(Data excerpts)
+---+
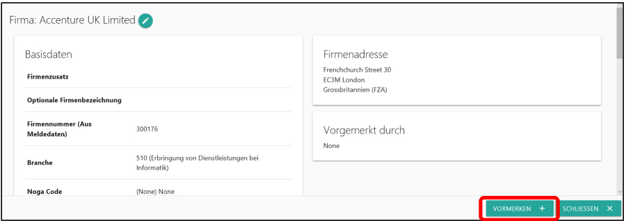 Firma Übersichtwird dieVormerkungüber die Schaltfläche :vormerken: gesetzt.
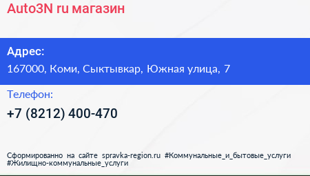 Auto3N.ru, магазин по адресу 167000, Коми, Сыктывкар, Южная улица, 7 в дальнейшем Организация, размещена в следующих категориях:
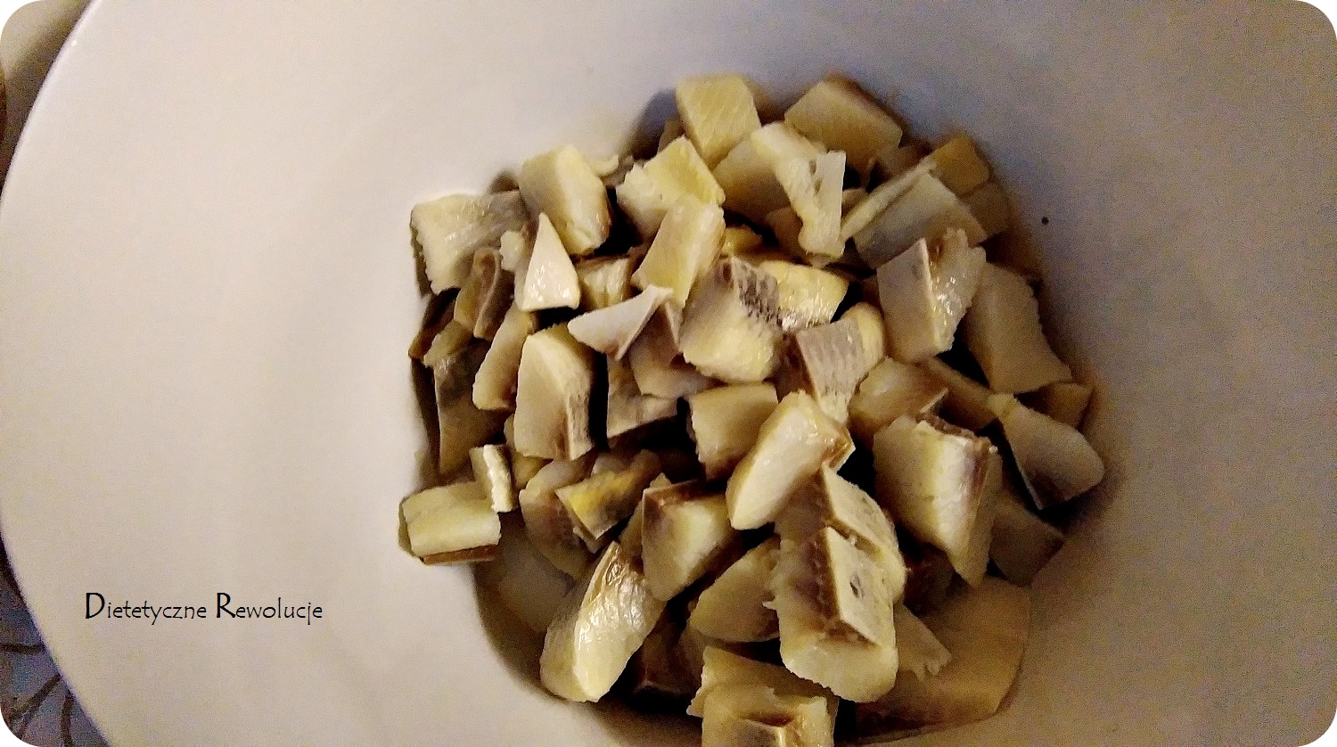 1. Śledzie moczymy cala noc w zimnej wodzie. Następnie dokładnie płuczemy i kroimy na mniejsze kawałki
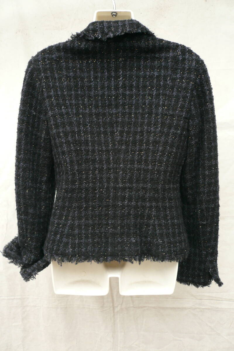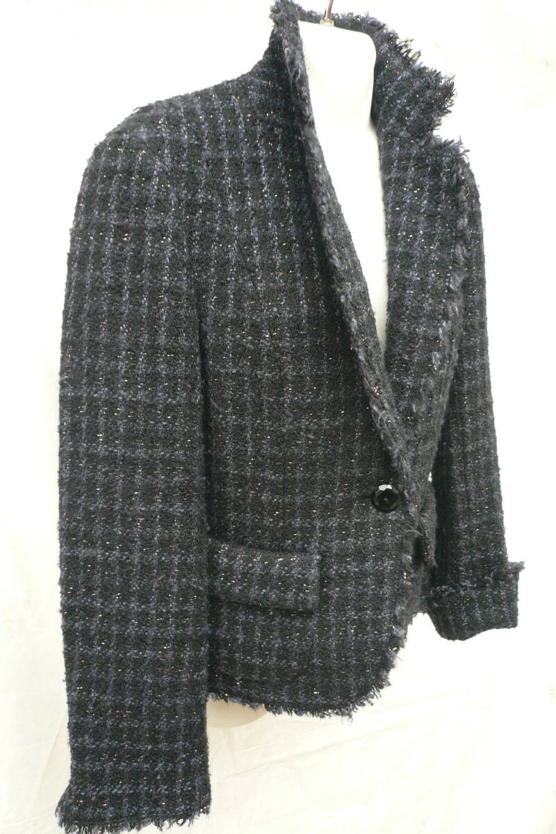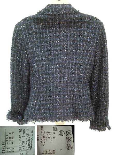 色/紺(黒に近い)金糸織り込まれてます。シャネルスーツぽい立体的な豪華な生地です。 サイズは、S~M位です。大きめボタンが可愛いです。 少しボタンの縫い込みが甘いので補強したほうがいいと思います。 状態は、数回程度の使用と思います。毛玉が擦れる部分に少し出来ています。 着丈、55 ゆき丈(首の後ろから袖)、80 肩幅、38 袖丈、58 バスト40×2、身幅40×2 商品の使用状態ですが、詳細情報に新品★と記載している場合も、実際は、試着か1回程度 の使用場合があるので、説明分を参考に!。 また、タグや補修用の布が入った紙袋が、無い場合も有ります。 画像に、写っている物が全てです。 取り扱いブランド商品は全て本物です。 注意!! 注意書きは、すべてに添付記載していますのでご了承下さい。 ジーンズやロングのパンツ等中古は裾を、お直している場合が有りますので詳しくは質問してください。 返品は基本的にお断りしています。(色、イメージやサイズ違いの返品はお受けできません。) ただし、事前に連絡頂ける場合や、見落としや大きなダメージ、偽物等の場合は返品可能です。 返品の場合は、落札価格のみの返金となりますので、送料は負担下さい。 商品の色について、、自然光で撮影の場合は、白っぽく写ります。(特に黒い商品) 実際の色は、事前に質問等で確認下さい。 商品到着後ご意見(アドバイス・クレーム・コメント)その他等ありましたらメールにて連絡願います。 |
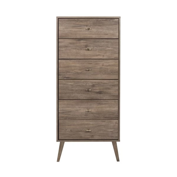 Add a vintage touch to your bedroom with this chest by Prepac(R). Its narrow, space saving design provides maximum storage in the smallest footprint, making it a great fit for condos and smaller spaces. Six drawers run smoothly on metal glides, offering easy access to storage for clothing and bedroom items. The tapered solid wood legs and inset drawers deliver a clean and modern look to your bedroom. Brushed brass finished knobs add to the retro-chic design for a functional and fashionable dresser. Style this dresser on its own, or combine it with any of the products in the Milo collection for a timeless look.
+---+
> _Work item_: Please copy out each line above exactly as written, but not the pictures.

> _Written solution_:
 Firma Übersichtwird dieVormerkungüber die Schaltfläche :vormerken: gesetzt.
 Auto3N.ru, магазин по адресу 167000, Коми, Сыктывкар, Южная улица, 7 в дальнейшем Организация, размещена в следующих категориях:
 1. Śledzie moczymy cala noc w zimnej wodzie. Następnie dokładnie płuczemy i kroimy na mniejsze kawałki
 色/紺(黒に近い)金糸織り込まれてます。シャネルスーツぽい立体的な豪華な生地です。 サイズは、S~M位です。大きめボタンが可愛いです。 少しボタンの縫い込みが甘いので補強したほうがいいと思います。 状態は、数回程度の使用と思います。毛玉が擦れる部分に少し出来ています。 着丈、55 ゆき丈(首の後ろから袖)、80 肩幅、38 袖丈、58 バスト40×2、身幅40×2 商品の使用状態ですが、詳細情報に新品★と記載している場合も、実際は、試着か1回程度 の使用場合があるので、説明分を参考に!。 また、タグや補修用の布が入った紙袋が、無い場合も有ります。 画像に、写っている物が全てです。 取り扱いブランド商品は全て本物です。 注意!! 注意書きは、すべてに添付記載していますのでご了承下さい。 ジーンズやロングのパンツ等中古は裾を、お直している場合が有りますので詳しくは質問してください。 返品は基本的にお断りしています。(色、イメージやサイズ違いの返品はお受けできません。) ただし、事前に連絡頂ける場合や、見落としや大きなダメージ、偽物等の場合は返品可能です。 返品の場合は、落札価格のみの返金となりますので、送料は負担下さい。 商品の色について、、自然光で撮影の場合は、白っぽく写ります。(特に黒い商品) 実際の色は、事前に質問等で確認下さい。 商品到着後ご意見(アドバイス・クレーム・コメント)その他等ありましたらメールにて連絡願います。 |
 Add a vintage touch to your bedroom with this chest by Prepac(R). Its narrow, space saving design provides maximum storage in the smallest footprint, making it a great fit for condos and smaller spaces. Six drawers run smoothly on metal glides, offering easy access to storage for clothing and bedroom items. The tapered solid wood legs and inset drawers deliver a clean and modern look to your bedroom. Brushed brass finished knobs add to the retro-chic design for a functional and fashionable dresser. Style this dresser on its own, or combine it with any of the products in the Milo collection for a timeless look.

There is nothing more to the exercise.